Weird, a book doesn't feel comfortable to me. When reading in bed it's difficult to read lying on the side. Hardbacks tend to be heavy, paperbacks are a pain to keep open lest you actually break the spine for each new page. Font size can not be adjusted, bookmarking is cumbersome compared to electronic devices. The non-virtual book does not in the least respect the hand. Often it's size prohibits casual reading of you're not sat at a table. Carrying more than one book is a problem compared to ebooks, considering the size some books it can be impossible. Searching a book, even those with indexes, is limited. If I want to check a reference I need to consult a secondary device.
It is also a false dichotomy to say that iPhone or any other smartphone use must necessary cause less 'real life' activity.

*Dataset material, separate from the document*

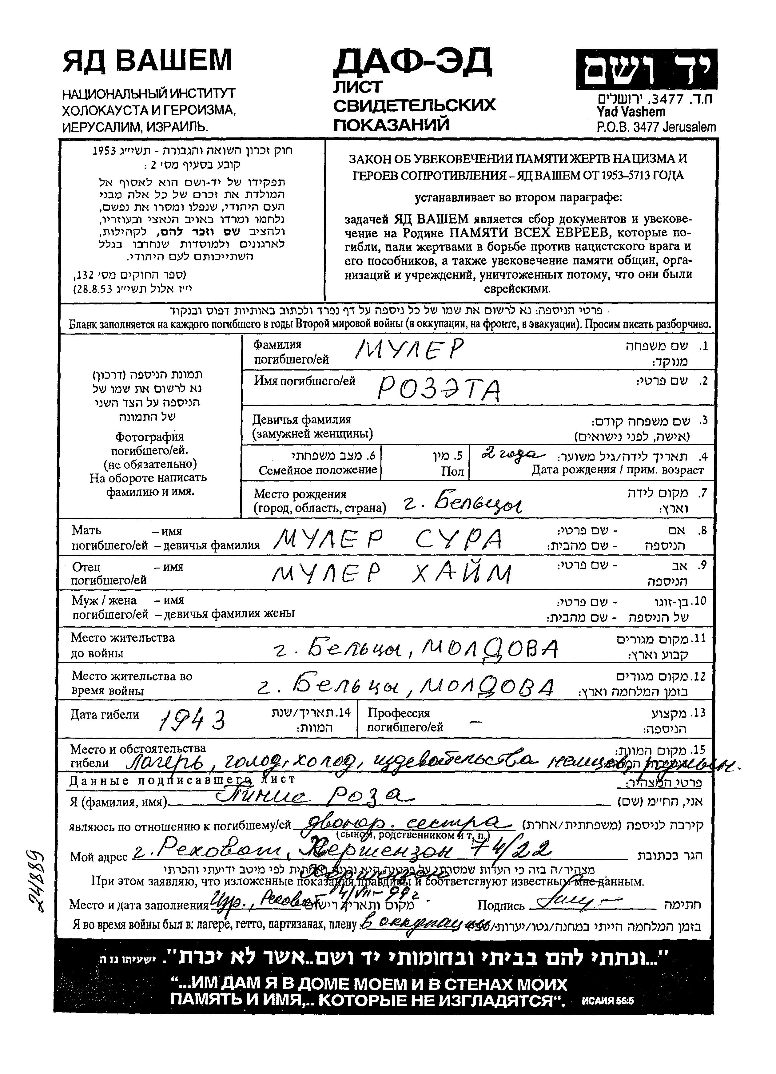 Rozeta wurde in der Schoah ermordet. Todesort: Lager im Jahr 1943.

The trouble with some commentators on this subject is that they don't live in the real world at all, instead look up stuff on the web that is not necessarily ready for the market at all and then add some anecdotal evidence and personal prejudices.
Posted by: Bonsai | November 18, 2011 at 12:54 PM
Good point about books. I'd extend that to reading in a bath- a Kindle is way more comfortable (suitably protected in a plastic case of course). Read a normal book in a bath, and you're struggled half the time to keep it open without damaging it, which is hardly comfortable.
Posted by: ejoch | November 18, 2011 at 02:35 PM
Bonsai - I take your point about books, maybe I'm just used to them. But they do feel nice. I'm confused by your last paragraph, however. What is this real world you speak of? And what's wrong with anecdotes and personal prejudices? Without them, I'm nothing.
Ejoch - they're both fucked if you drop them in the water, but the Kindle costs a lot more to replace.
Posted by: Marbury | November 18, 2011 at 03:44 PM
Amazon sell some nice, cheap, waterproof Kindle covers ('Trendy Digital'). But you're quite right, without one a Kindle dropped in water would be an "arrgh god!!" moment. Although, they're approaching a price where it'd be annoying rather than despair-inducing. Unlike say, an Ipad. No way is that going anywhere near water even if it had a magical water-repellant field around it!
(love to see how the Ipad-newspaper-edition makers solve that one)
Posted by: ejoch | November 18, 2011 at 05:07 PM
I liked the Bret Victor post too.
Tactically smart of him to outflank the AppleFanboy herd by using a Windows video (in which Microsoft abjectly surrenders to the iPad/iPhone vision) as the starting point.
Posted by: bert | November 18, 2011 at 05:41 PM
considering the amount of grease in the western diet i'm amazed the touch screen has gone as far as it has -
Posted by: ogilvy | November 18, 2011 at 06:47 PM
A new interface without touch screen. Microsoft's new Kinect could feature motion sensing technology that is so accurate it would be able to read lips!